Instructions to follow: Transcribe the listing exactly, skipping every picture.

#### Exercise data

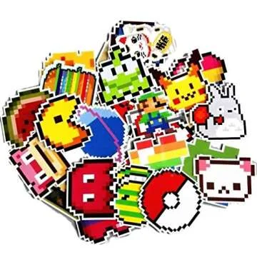 Video Game Themed Retro Pixel 25 Piece Sticker Decal Set for Kids Adults - Laptop Motorcycle Skateboard Decals
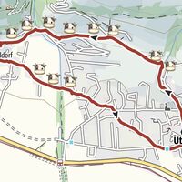 Tourismusverband Uttendorf/Weißsee - entlang des Uttendorfer Baches bergaufwärts bis zum Stefflweg - Litzldorfstraße - Überquerung Manlitzbach - Manlitzweg - Kirchenstraße - Kinosstraße - Alte Bundesstraße - Schulstraße - Tourismusverband Uttendorf/Weißsee
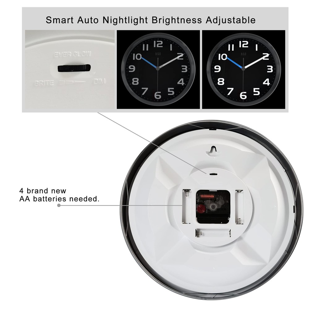 Note: ht2001: hour hand, minute hand and 1-12 numbers on clock dial luminous; ht2002: hour hand and minute hand luminous. Sensor Nightlight: You can read time clearly in darkness. There is a light sensor on the clock face. So, in the dark, hour hand (turn BLUE), minute hand (turn WHITE) and 1-12 numbers on the clock dial (not with model ht2002) light up. Notice: During the day time or when It's bright around, the clock won’t light up with the light sensor, to save battery energy. Brightness Adjustable: In darkness when the clock lights up, the brightness is adjustable with the brightness controller located above the battery compartments. Q& A: Q: Why the luminous hand blinks sometimes? A: It’s very likely that the second hand passes by and blocks the light from the luminous hand. And it looks like the luminous hand blinks. It’s back! We know how much you missed this wall clock. Yes, the one with smart Auto nightlight. Finally a wall clock you can read time clearly in the night with. You know what, you can also adjust brightness of the smart auto nightlight. Isn’t it thrilling? Most importantly, we sell only silent non-ticking wall clocks. For details: We use different colors of light to distinguish hour hand from minute hand. Blue for hour hand and White for minute hand. And we have two models to choose from. ht2001: both Hands and Numbers Illuminate; while ht2002: Hands Illuminate. The clock needs 4 brand new AA batteries. Insert one AA battery into each battery compartment. Please pay attention to the battery polarity. Notice: During the day time or when It’s bright around, the clock won’t light up with the light sensor, to save battery energy.
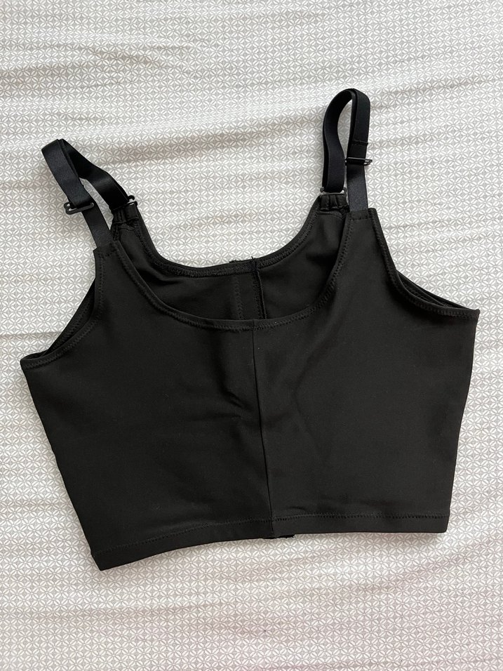 Ayarlanabilir askılı, siyah göğüs korsesi. Fitted kesim ve midi boy ile rahat destek sağlar. Düz, desensiz tasarımdadır.
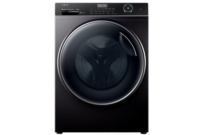 - Máy giặt Aqua Inverter 12 kg AW12-B4959U1K(B) là máy giặt lồng ngang - cửa trước với thiết kế màu đen chủ đạo, mang lại cảm giác sang trọng, phù hợp với nhiều không gian đặt để.

########

Result below:
 Video Game Themed Retro Pixel 25 Piece Sticker Decal Set for Kids Adults - Laptop Motorcycle Skateboard Decals
 Tourismusverband Uttendorf/Weißsee - entlang des Uttendorfer Baches bergaufwärts bis zum Stefflweg - Litzldorfstraße - Überquerung Manlitzbach - Manlitzweg - Kirchenstraße - Kinosstraße - Alte Bundesstraße - Schulstraße - Tourismusverband Uttendorf/Weißsee
 Note: ht2001: hour hand, minute hand and 1-12 numbers on clock dial luminous; ht2002: hour hand and minute hand luminous. Sensor Nightlight: You can read time clearly in darkness. There is a light sensor on the clock face. So, in the dark, hour hand (turn BLUE), minute hand (turn WHITE) and 1-12 numbers on the clock dial (not with model ht2002) light up. Notice: During the day time or when It's bright around, the clock won’t light up with the light sensor, to save battery energy. Brightness Adjustable: In darkness when the clock lights up, the brightness is adjustable with the brightness controller located above the battery compartments. Q& A: Q: Why the luminous hand blinks sometimes? A: It’s very likely that the second hand passes by and blocks the light from the luminous hand. And it looks like the luminous hand blinks. It’s back! We know how much you missed this wall clock. Yes, the one with smart Auto nightlight. Finally a wall clock you can read time clearly in the night with. You know what, you can also adjust brightness of the smart auto nightlight. Isn’t it thrilling? Most importantly, we sell only silent non-ticking wall clocks. For details: We use different colors of light to distinguish hour hand from minute hand. Blue for hour hand and White for minute hand. And we have two models to choose from. ht2001: both Hands and Numbers Illuminate; while ht2002: Hands Illuminate. The clock needs 4 brand new AA batteries. Insert one AA battery into each battery compartment. Please pay attention to the battery polarity. Notice: During the day time or when It’s bright around, the clock won’t light up with the light sensor, to save battery energy.
 Ayarlanabilir askılı, siyah göğüs korsesi. Fitted kesim ve midi boy ile rahat destek sağlar. Düz, desensiz tasarımdadır.
 - Máy giặt Aqua Inverter 12 kg AW12-B4959U1K(B) là máy giặt lồng ngang - cửa trước với thiết kế màu đen chủ đạo, mang lại cảm giác sang trọng, phù hợp với nhiều không gian đặt để.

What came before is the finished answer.